Tuesday, September 11, 2007

Rappers brag, but Chesney may top 'em

By PETER COOPER
Staff Writer

This week, hundreds of thousands of people will plunk down money for new music from Kenny Chesney. Less than a decade ago, you couldn't give the guy away.



Chesney was on the road, in a Brownsville, Texas, club, when he turned 30. "There was, literally, nobody there," said Chesney, now the only artist in country history to sell a million tickets in five consecutive years. "I had my girlfriend, and my band, and then there were two bartenders and a couple of waitresses, and nobody showed up to hear us. For me to fast-forward 9½ years and know that I'm selling out NFL stadiums, that wasn't even in my dreams."

Much has been made of the sales competition this week, as Chesney goes up against urban innovator Kanye West and rapper 50 Cent to see who can move the most albums in the first seven days of issue. Chesney's new Just Who I Am: Poets & Pirates hits stores today, and while West and 50 Cent have wrangled over who's on top (50 Cent threatened to retire if West sells more), Chesney is a much more popular artist when touring is figured into the equation.

"He's in his own league with selling albums and tickets," said Billboard Senior Editor Ray Waddell, who covers touring for that magazine. "Very few artists in any kind of music can do what he's done."



Lyrics may be revealing
From the lyrics of some of the songs on the new album, some fans might figure that Chesney is wondering about the personal costs inherent in doing what he's done. "Never Wanted Nothing More," "Wife and Kids" and "Just Not Today" all find him ruminating about the possibility of settling down; the bracing "Demons" is a classic-sounding country song about the pull of life's darker attractions, and "Don't Blink" finds the East Tennessee native singing about "trying to slow it down" and "trying to take it in."

"I didn't write any of these songs, but they speak a lot of truth about where I am in my head and in my heart," Chesney said, sitting in a room at his record label's offices. "Those are two pretty complicated places right now.

"To do what I do in the way I do it, I've sacrificed not just a lot, but everything. It's been worth every second, but the tone of some of these songs is that I do see a day when my life is not going to totally revolve around singing in front of thousands of people, going to catering at 5 o'clock and doing a meet-and-greet at 7:30.

"I guess there's an underlying search for balance in these songs, and that's got to happen at some point."

Chesney is a five-time winner of country awards' top entertainer prizes, and a favorite in that category at November's CMA Awards.

His studio albums sell more in their first on-sale week than most country artists' albums sell at all, and he is a sellout attraction at arenas and stadiums. (At Chesney's last Nashville show, he sold out the Titans' LP Field. When West comes in October, he'll play Vanderbilt.)

The balance part is still tricky, though. Chesney is tired of having to get reacquainted each year with family and friends.

"It's bad when you've spent more time with people out on the road or with radio stations than you have with your mom, your friends or your grandmother," he said.

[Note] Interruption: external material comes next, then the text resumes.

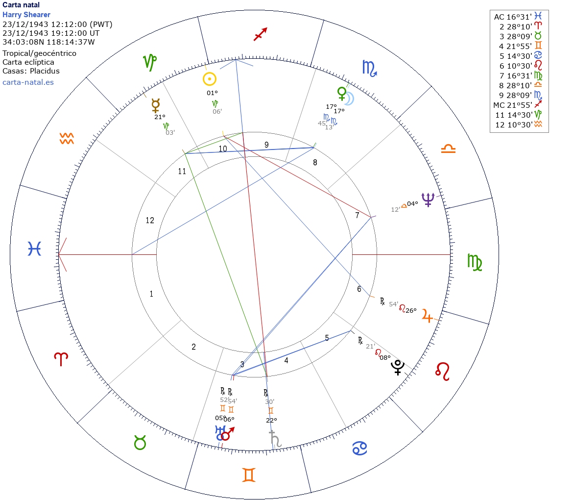 Esta es la carta natal de Harry Shearer, actor estadounidense.

"That's why 'Don't Blink' means a lot to me. I stay pretty closed up, and I don't tell people around me what I'm feeling, and it's hard for me to stop and smell the roses, 'cause there's always somewhere else for me to be. This song told me, 'You might want to stop for a moment.' "
He can be competitive
That said, Chesney is still competitive enough to chafe when folks talk about the 50 Cent vs. Kanye West rivalry without mentioning him. "In November of 2005, I had an album called The Road and the Radio come out on the same day 50 Cent released an album (Get Rich or Die Tryin'), and we beat him pretty soundly. It's a slam against the country genre as a whole to pretend it doesn't exist."

The competition extends to country awards shows, though Chesney is disappointed that Tim McGraw — who with wife Faith Hill headlined the highest-grossing country music tour in North America — is not nominated along with him in the CMA's entertainer category.

"Tim has a lot of passionate fans out there, and I'm one of them," Chesney said. "And what he and Faith have done in the last two years is as historic as anybody's touring, and, to be honest, more historic than some people that are nominated. He can't come to The Tennessean and say that, but I can. If I had the career he had and wasn't nominated, it would bother me."

Losing that category has bothered Chesney before, and he worries enough about his legacy to hope to win a few more entertainer crowns in order to be name-checked along with Alabama and Garth Brooks as a dominant performer in his era.

"I'd love to win it three more times, but the odds of me keeping the pedal down that long aren't good," he said.

"The search for balance is going to come with a price. This year, we had a hell of a year and I think we deserve it and I want to win it, but if I don't it's not going to change my enthusiasm, or my fans' enthusiasm. The awards don't fuel me."

What fuels him are the miles he's traveled to find his own historically significant place in music. Kenny Chesney turns 40 next March, and there's not a club in Brownsville big enough to hold the party.